The GPU space isn't the Nintendo ecosystem though, you can use the same argument in favor (or against) Apple's walled garden. Outside of CUDA they aren't offering really anything distinguishing in the consumer space. Eventually it is all about performance & if/when AMD takes the performance crown back Nvidia will have to lower its prices, as they did a decade back, that's just a fact given the market is also shrinking. If they don't then their results will take an even bigger hit than what we saw earlier in the year. But the point about mindshare could still apply ~ someone will need to beat them at the top end, even if just for traditional PC (non RT) games.
The problem is that the old graphics performance measurements are steadily losing their ability to capture a graphics card's full functionality.
We're seeing that in longer and longer graphics card reviews that now have to confront ray tracing performance as well as image upscaling technology performance (FSR, DLSS 2, DLSS 3+Frame Injection, XeSS). More and more gaming titles are including RT and upscaling technologies.

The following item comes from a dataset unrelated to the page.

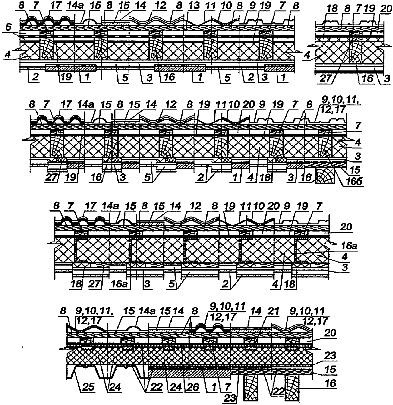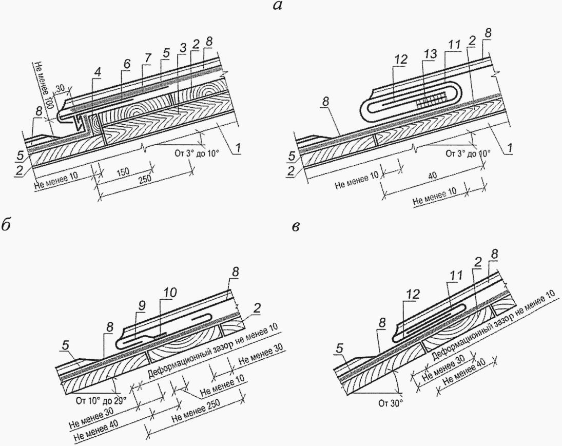Рисунок И.1 - Конструктивные решения кровель утепленной (а)

You can measure cards by pure rasterization performance but if a title has RT and DLSS support, it's more likely that the user is going to turn on those features. I'd be stupid to play
Control on my Ampere cards without RT and DLSS turned on. Even if
Shadow of the Tomb Raider's ray tracing implementation is barebones, the DLSS certainly gives an uplift.
If AMD is to retake the performance crown from NVIDIA, they will also have to do it with RT and ML cores. That specialized silicon is being used more frequently with each passing week.
Look at the iPhone and iPad. Apple has gone heavy on ML cores (they call it Neural Engine) and they are doing all sorts of things with machine learning that Geekbench don't measure. It's like Samsung claiming to be the performance champion because their Geekbench score is higher than the iPhone 14.
Joe Consumer doesn't run benchmarks. He uses the device in a variety of situations and more frequently some of those usage cases include taking advantage of differentiated and specialized silicon whether it be using hardware video codecs, image reconstruction, text recognition, etc.
The graphics card industry really needs to come up with newer metrics and measuring tools to capture these newer technology developments. The days of using 3D raster results as the yardstick for GPU performance are waning.
Mindshare is important. NVIDIA has established itself as the brand with superior performance.
For AMD to topple NVIDIA off of their perch, AMD would likely have to beat NVIDIA by a substantial margin (like 25%) across the board for a couple of GPU generations before the public perception changes on a wide scale.